╭─ DATA FOR THE TASK
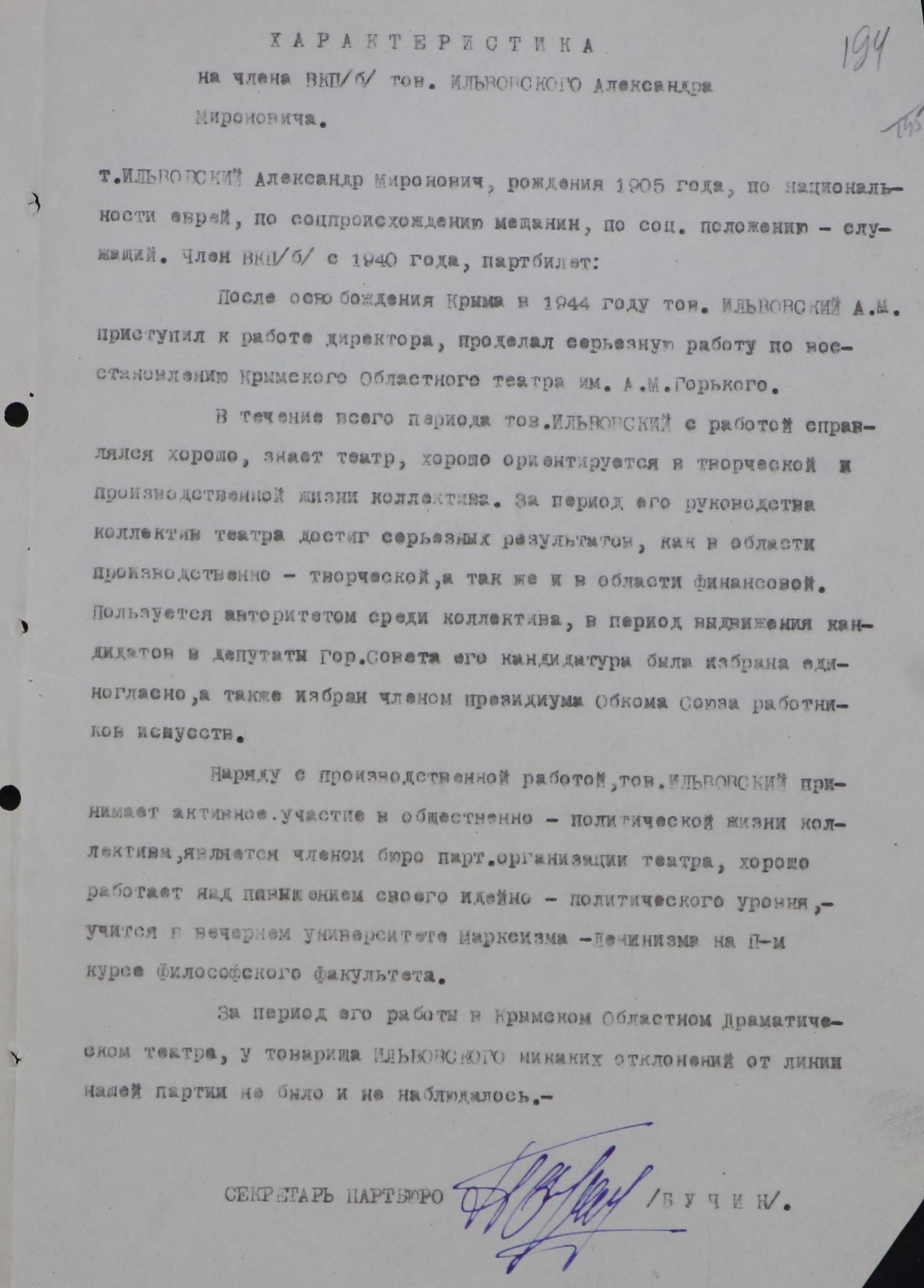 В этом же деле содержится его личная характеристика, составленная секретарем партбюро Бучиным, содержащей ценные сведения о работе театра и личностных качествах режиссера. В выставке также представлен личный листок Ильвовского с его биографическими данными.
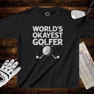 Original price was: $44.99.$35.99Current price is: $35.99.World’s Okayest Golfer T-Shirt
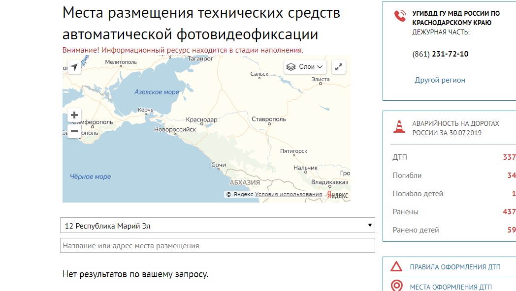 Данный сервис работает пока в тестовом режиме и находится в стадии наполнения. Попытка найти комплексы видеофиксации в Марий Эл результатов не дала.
╰─
╭─ DATA FOR THE TASK
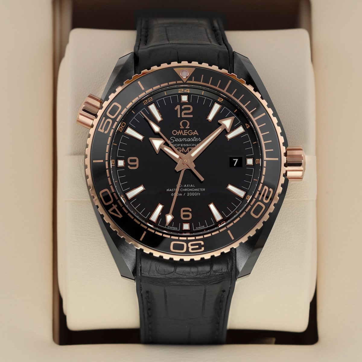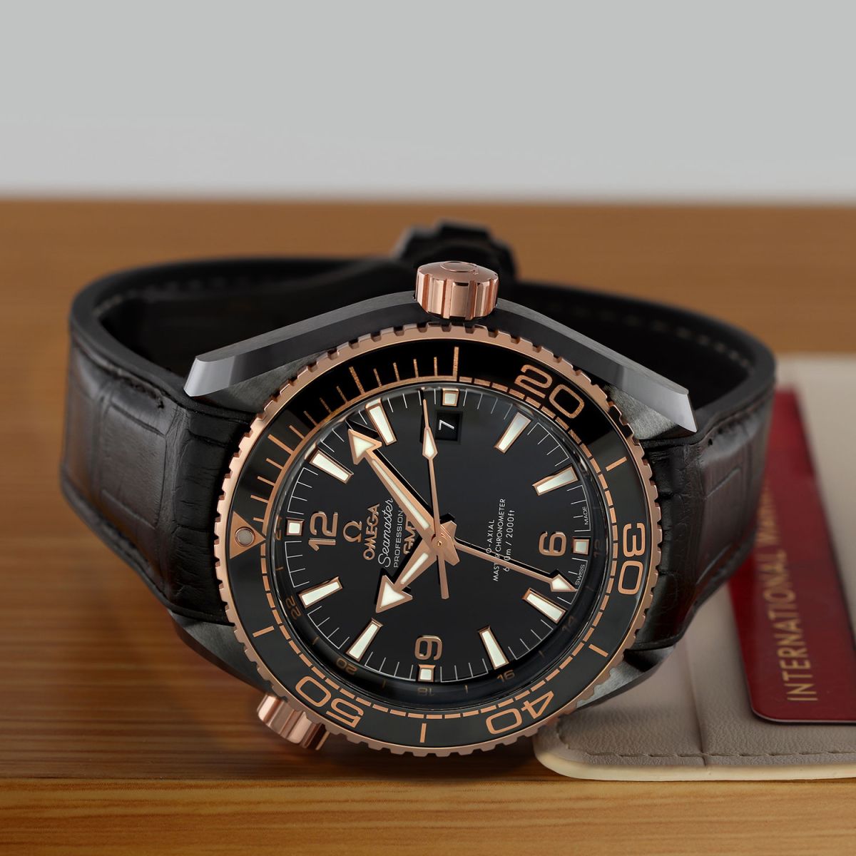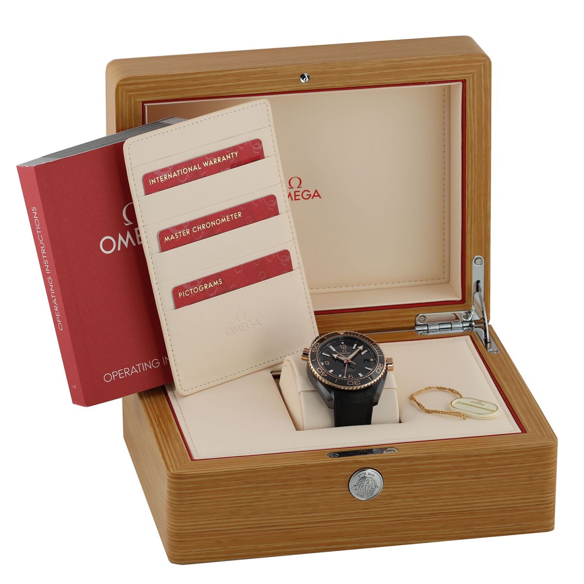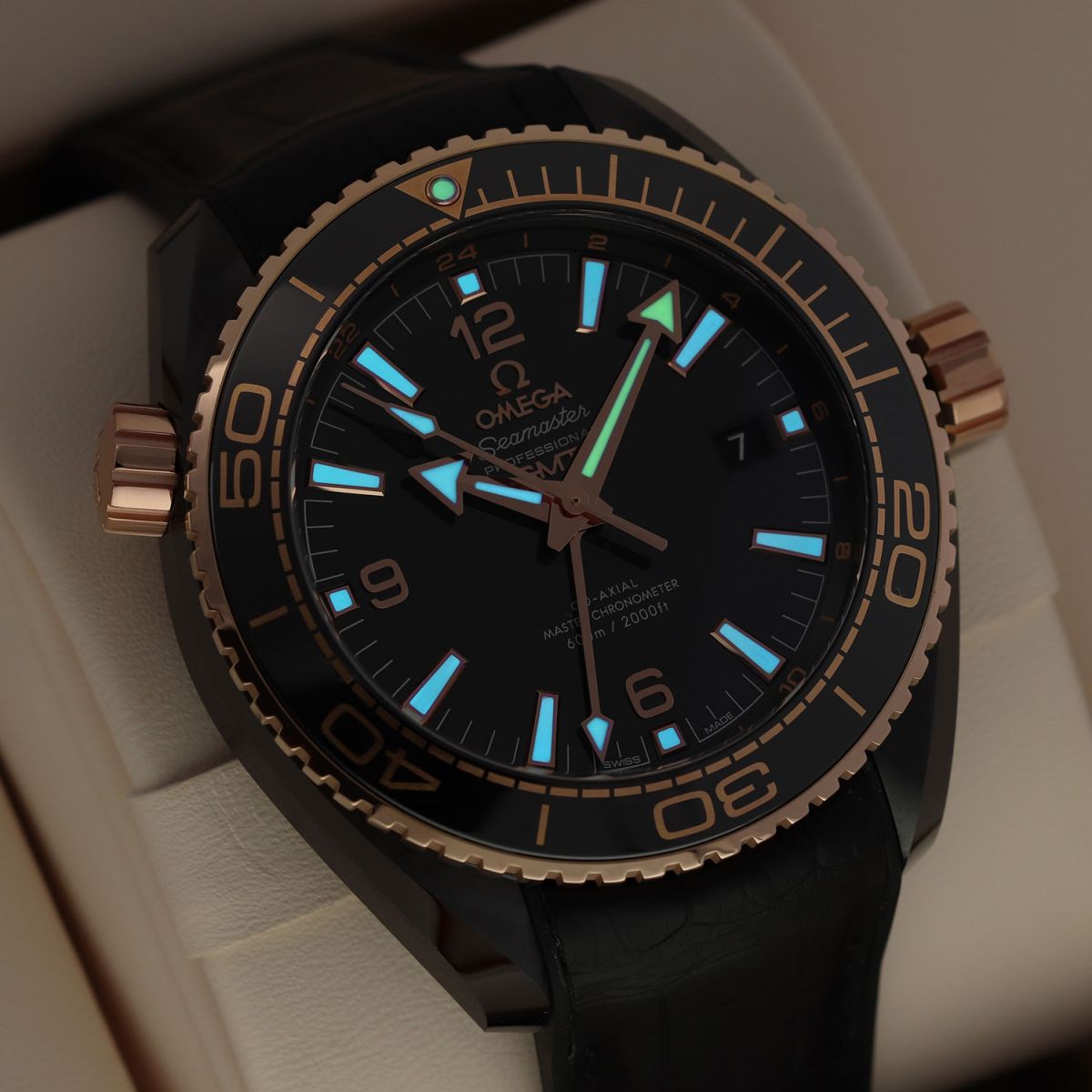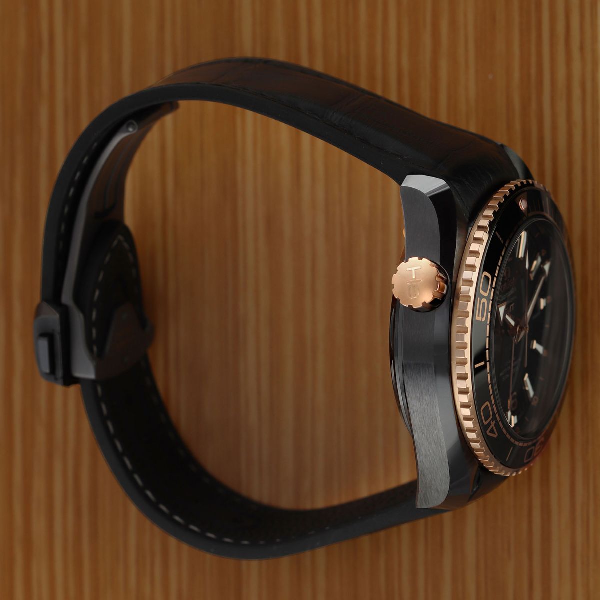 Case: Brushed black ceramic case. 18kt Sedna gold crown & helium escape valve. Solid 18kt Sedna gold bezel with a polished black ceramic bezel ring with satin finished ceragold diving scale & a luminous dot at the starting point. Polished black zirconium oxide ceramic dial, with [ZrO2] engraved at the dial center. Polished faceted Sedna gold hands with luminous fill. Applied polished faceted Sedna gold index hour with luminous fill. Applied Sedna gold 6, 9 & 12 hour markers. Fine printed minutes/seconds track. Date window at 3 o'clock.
╰─
*INSTRUCTIONS FOR THE TASK*: Range to copy from the records above: the line containing "В этом же деле" to the line containing "Данный сервис работает", both included. Output those lines exactly and only those, skipping pictures.

*COMPLETED EXERCISE*:
 В этом же деле содержится его личная характеристика, составленная секретарем партбюро Бучиным, содержащей ценные сведения о работе театра и личностных качествах режиссера. В выставке также представлен личный листок Ильвовского с его биографическими данными.
 Original price was: $44.99.$35.99Current price is: $35.99.World’s Okayest Golfer T-Shirt
 Данный сервис работает пока в тестовом режиме и находится в стадии наполнения. Попытка найти комплексы видеофиксации в Марий Эл результатов не дала.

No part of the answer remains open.